# my 95 240sx



## Nismo240 (Jul 24, 2004)

i've been on here for a while and decided why not put up some pics of my stock ass 240.


----------



## zachmccool (Mar 7, 2005)

Nice! is that paint 11 years old or just the car? Ither way very clean.


----------



## Nismo240 (Jul 24, 2004)

nah, i got it painted back in december, its alright for a cheap ass paint job.


----------



## Nismo240 (Jul 24, 2004)

thought i'd put down what i had done, not much really.

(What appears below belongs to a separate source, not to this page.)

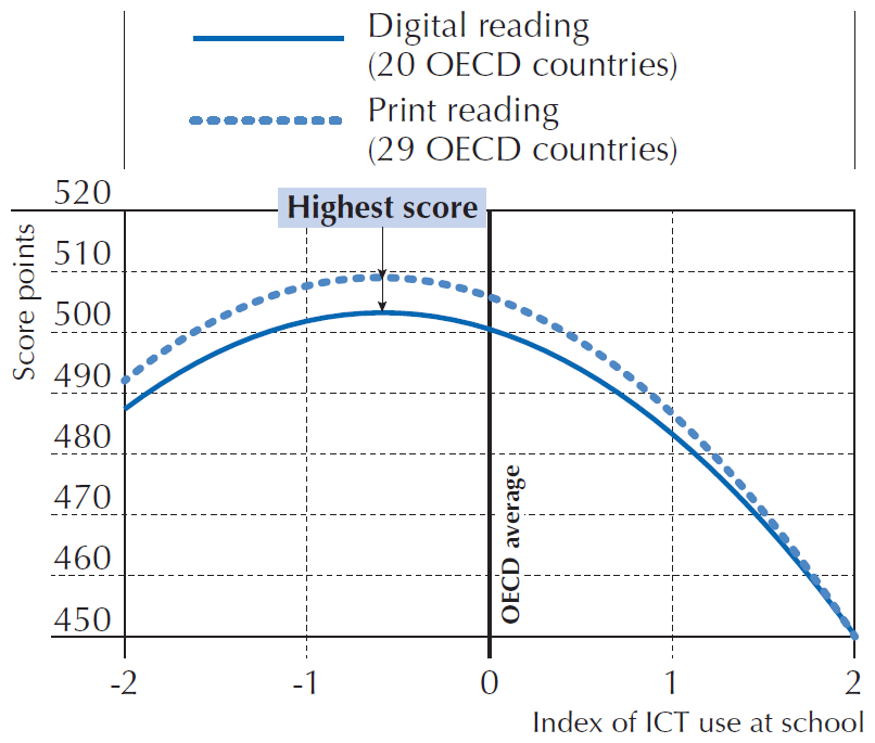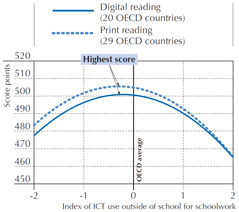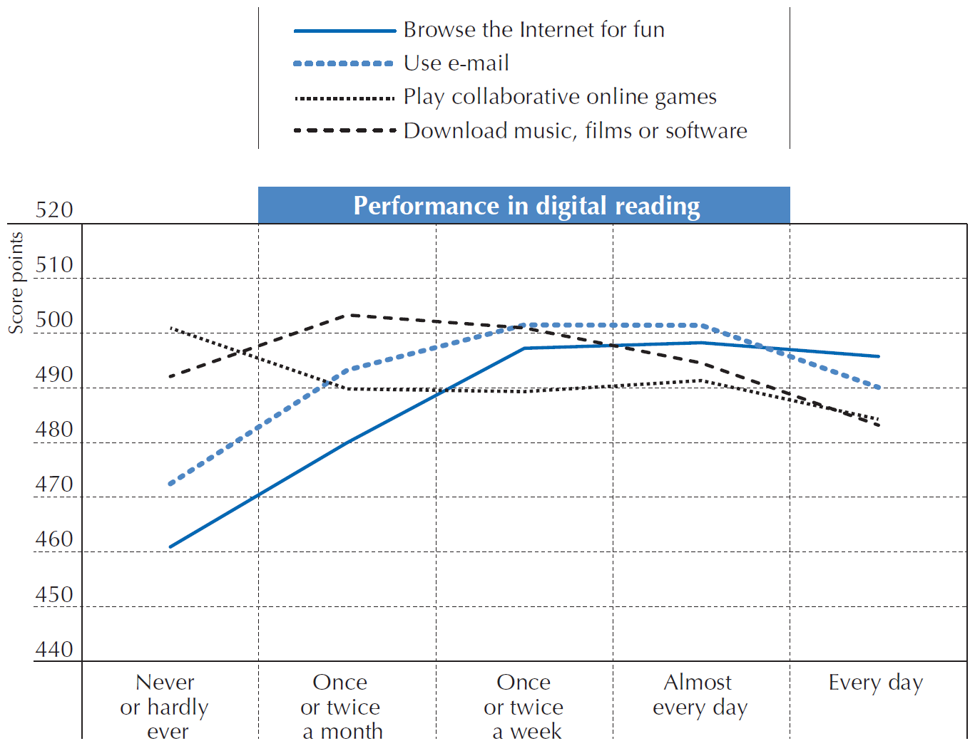 The second graph looks shows the same performance in digital reading compared to the frequency of the use of computers for leisure activities. This shows only a slight drop in performance when computers were used in this way “every day”. The counter-intuitive conclusion from a comparison between the two graphs might be that students do better if they use computers for leisure than for learning. But one should bear in mind that these graphs do not show the total amount of time used for leisure and schoolwork. They hint, rather, at the proportion of schoolwork and leisure time respectively that is spent on computers. My guess is that very frequent computer use for schoolwork might suggest an opportunity cost, replacing more valuable forms of instruction by:

custom exhaust with 2.25" piping from the header back
goldline lowering springs (not recommended)
aem intake


----------



## Jeff (Oct 17, 2002)

They did one hell of a good paint job for cheap...looks very smooth.

Nice looking car, man.


----------



## Nismo240 (Jul 24, 2004)

thanks jeff, the only reson i got it painted was bc of a small fender bender and i had a friend who's dad owned a maaco shop. at the time i didn't realize that the paint would start chipping 6 months after i got it painted, but i can't complain, it was free.


----------



## et.turbo.dude (Jul 2, 2006)

just a quick question, what engine do u guys get in your 240sx in america? in australia we don't have a 240sx, we have the 200sx with the sr20det. good paint job by the way. good for a cheapie!


----------



## Nismo240 (Jul 24, 2004)

in america, they screwed us over with the KA24DE, but i won't have that motor in for too much longer.


----------



## Dustin (Dec 14, 2003)

Nismo240 said:


> in america, they screwed us over with the KA24DE, but i won't have that motor in for too much longer.


we didn't get screwed over.. you just don't appreciate a car capable of towing


----------



## Nismo240 (Jul 24, 2004)

Dustin said:


> we didn't get screwed over.. you just don't appreciate a car capable of towing


lol, i think thats the only reason i like the motor, since it has a good amount of torque.


----------